If you want your 401(k) plan balance to match your salary by age 30, you’ll need to contribute
17% of your income — or about $8,500 per year — to your plan. With a 7% annual rate of return, that’ll give you a balance of $50,717.
If you expect to be earning $75,000 per year by the time you’re 35, you’ll need to have $150,000 in your plan by the time you reach that age.
Assuming your income averages $62,500 per year between the ages of 30 and 35, you’ll need to contribute 21% of your income, or $13,125 per year, to reach the $150,000 threshold in your plan.
Looking long-term, at retirement at age 67, let’s assume your income will grow to $100,000 between age 35 and 67. In this scenario, your average annual income is $87,500. Since you expect to earn $100,000 just before retiring, you should have $1 million sitting in your 401(k) plan.
What will it take to reach that goal?
Absolutely nothing!
One of the biggest and best secrets of retirement planning is the earlier in life you begin saving, the less you’ll need to save later on in life. And sometimes that’s nothing.
In this case, since you already have $150,000 in your plan at age 35, simply by investing the money at an average annual return of 7% for 32 years your plan will grow to $1.3 million. That’s without making even a single dollar of additional contribution.

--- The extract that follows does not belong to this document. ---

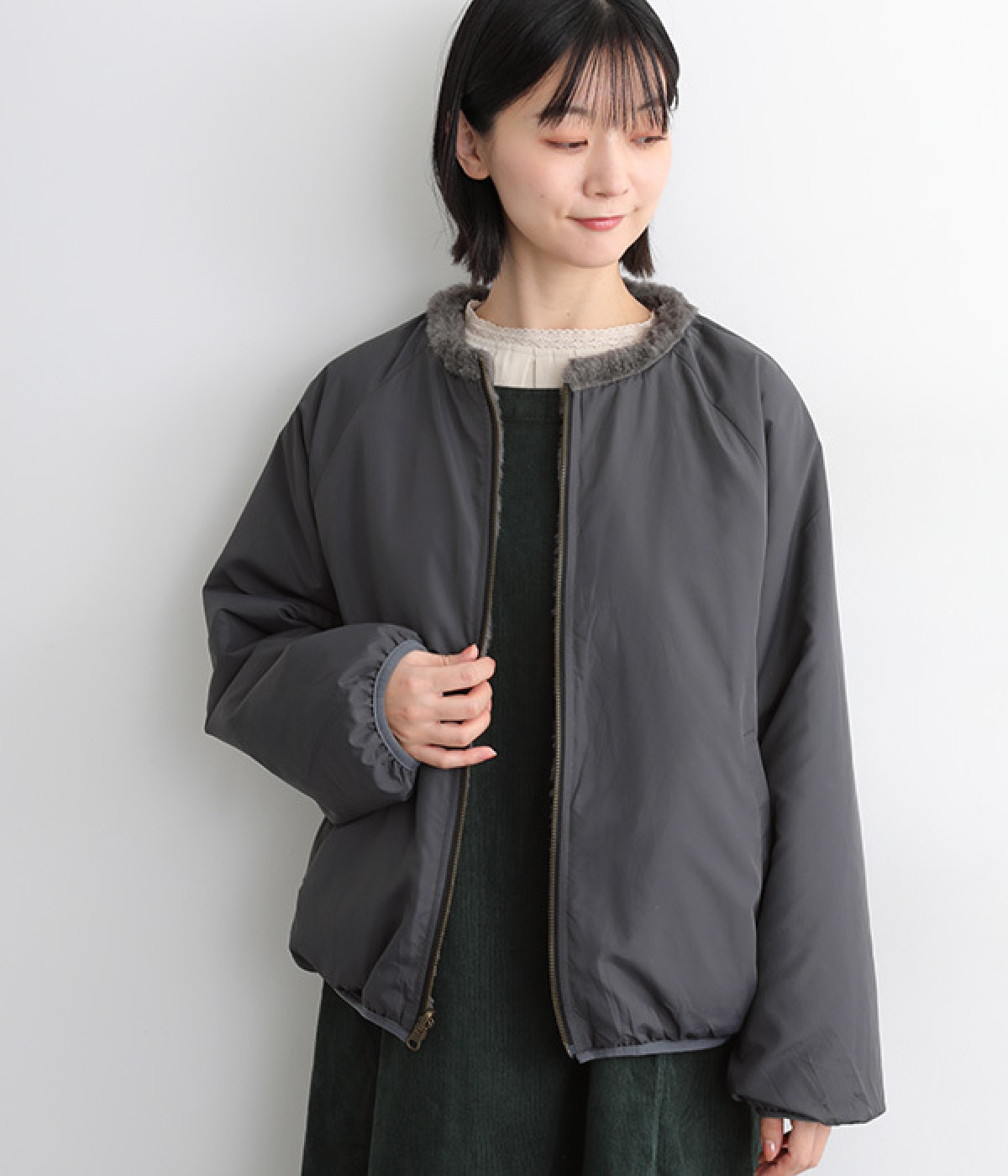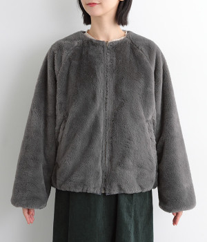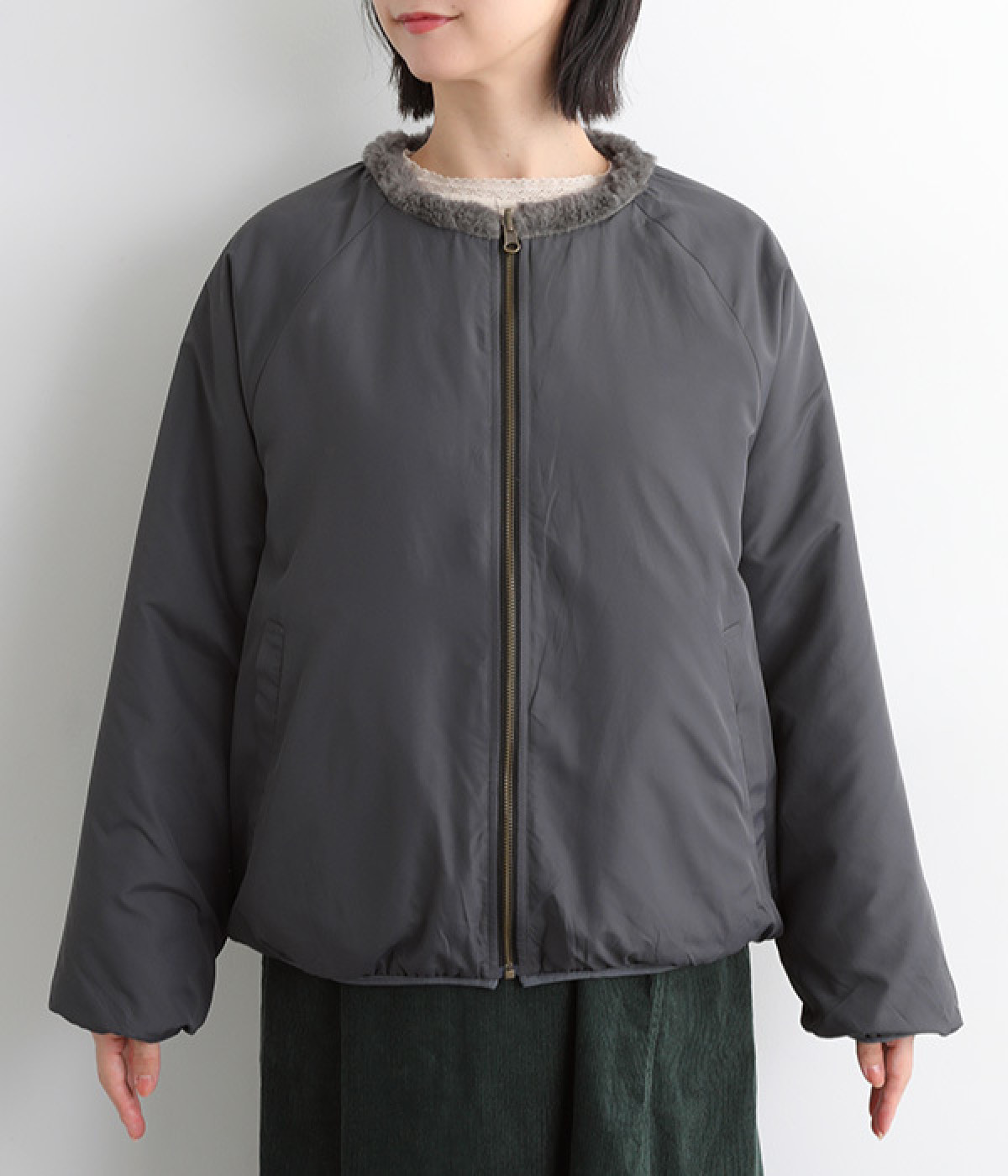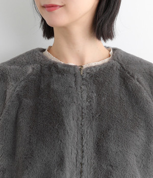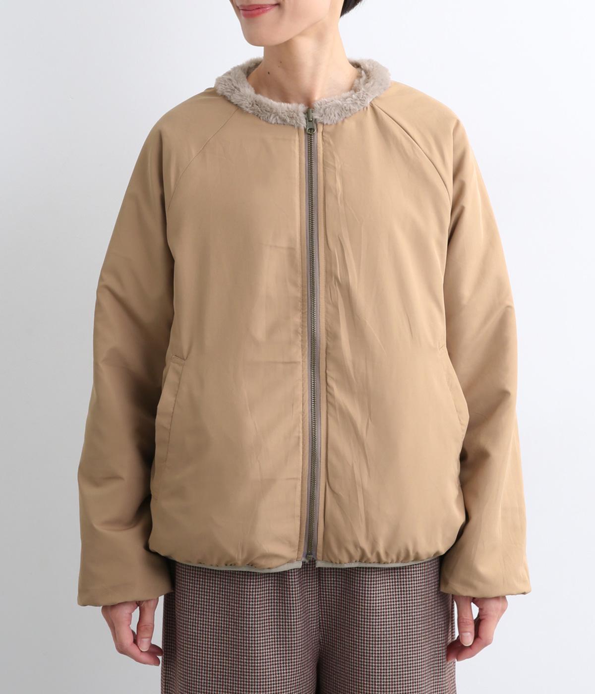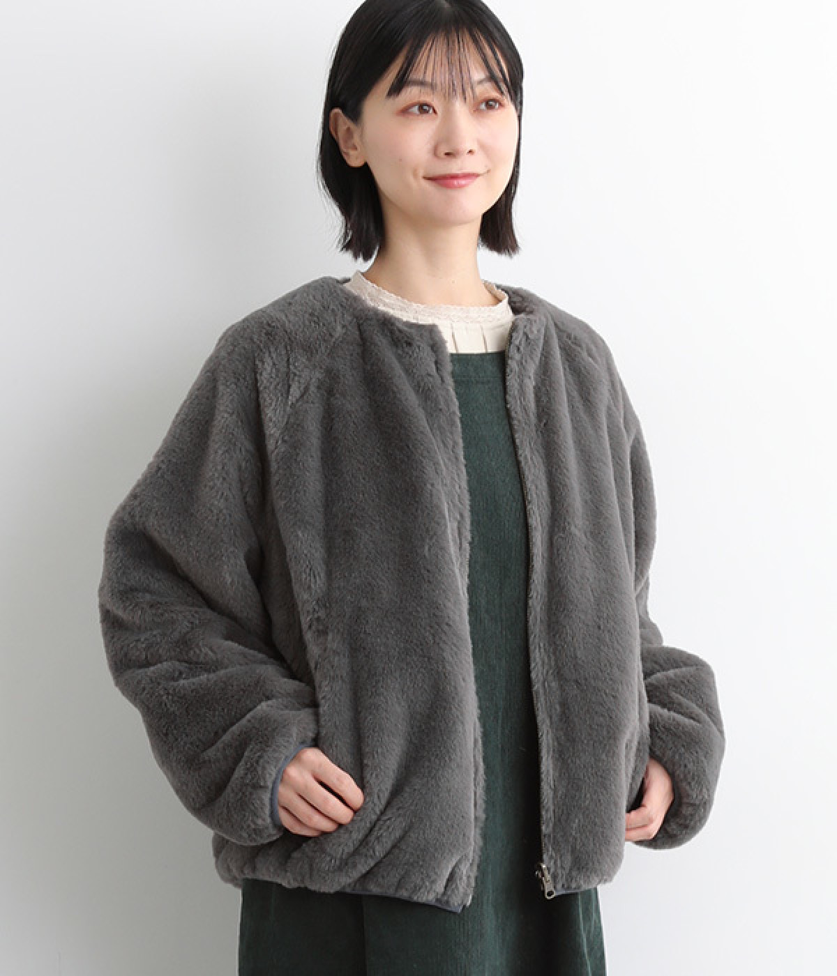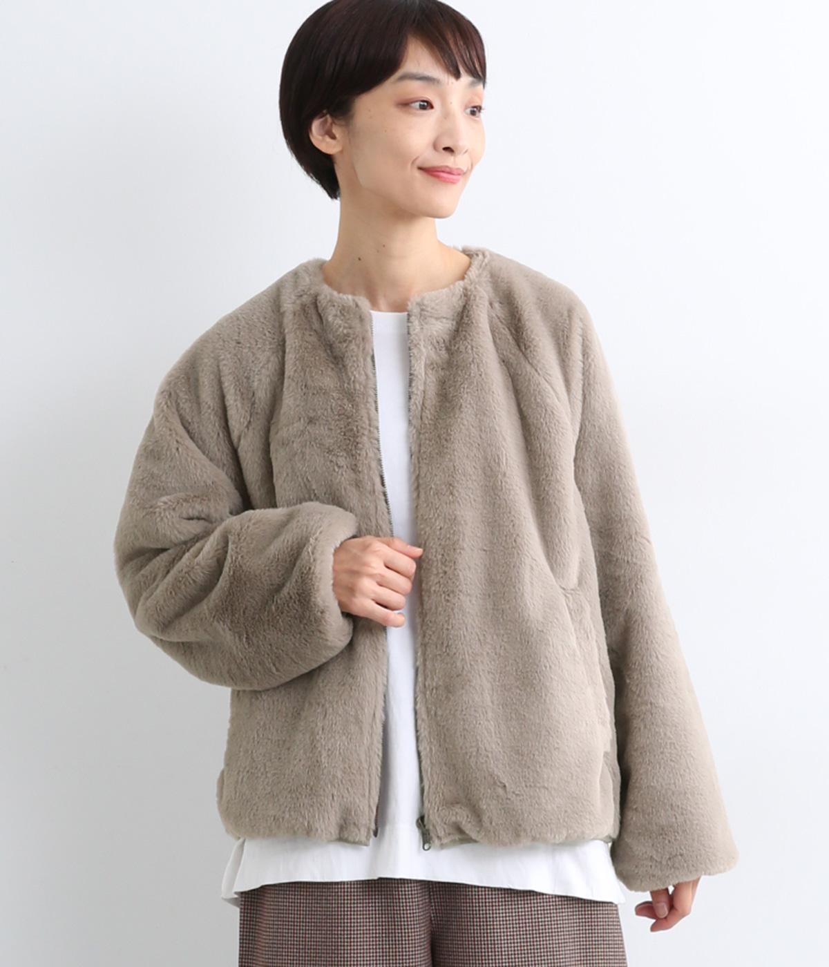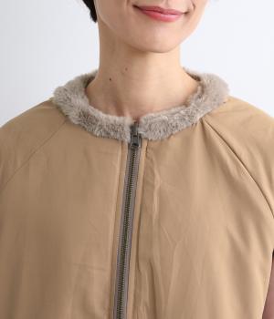 あたたかみのあるファー素材と、大人らしいフラットな生地を気分に合わせてたのしめるリバーシブル仕様のブルゾン。さらりとした生地面を表にして着用するとネックからファーが覗きます。どちらの面にも便利なポケットをつけました。

And for what it’s worth, if you simply made the maximum 401(k) contribution of $19,500 each year between 35 and 67, your plan would have more than $3.4 million by the time you reach retirement.
The most fundamental rule of retirement savings planning is: save early and often!
If you’re 25 years old and you want to retire at 50, decide how much income you’ll need to live on by the time you reach 50. Since you won’t have the benefit of Social Security or a pension, you’ll rely entirely on your retirement savings.
Let’s say you’ll need $40,000 per year to live in retirement. In this case, you’ll need to have $1 million in your retirement portfolio based on the 4% safe withdrawal rate.
To get from $0 to $1 million in your retirement plan between 25 and 50, you’ll need to make the maximum 401(k) contribution allowed at $19,500 each year for 25 years. Assuming your investment produces a 7% return, you’ll have $1,181,209 by the time you reach 50. That’ll be a little bit higher than your $1 million retirement goal.
It’ll be difficult to carve out the full $19,500 on a $50,000 income you’re earning at age 25, but it gets easier as the years pass and your income increases. You might even decide to lower your contributions in your 20s, and work up to the maximum by the time you’re 30.
Just be aware that the foundational strategy of reaching early retirement is based on saving a seemingly ridiculous percentage of your income. Although others are saving 10% or maybe 15% of their income each year, you’ll need to think more in terms of 30%, 40%, or 50% savings. It all depends on how early you want to retire.
Unfortunately, this describes the majority of Americans. But it doesn’t need to be you, even if you’re not currently on track to retire.
Let’s say you’re 45 years old and earning $100,000, and you currently have $100,000 in total retirement savings. That means that at age 45 your retirement fund is where Fidelity recommends it should’ve been at age 30.
Don’t give up hope.
If you make the maximum contribution of $19,500 per year between ages 45 and 50, then increase it to the maximum of $26,000 per year from ages 50 to 65, you’ll have just over $1.3 million in your plan by the time you reach 65.
You won’t benefit from compound earnings that you would’ve seen had you started saving aggressively in your 20s, but your situation is far from hopeless.
The main takeaway is that you can get on track to retire at just about any age. But you have to be willing to commit to saving as much as you can and on a completely consistent basis.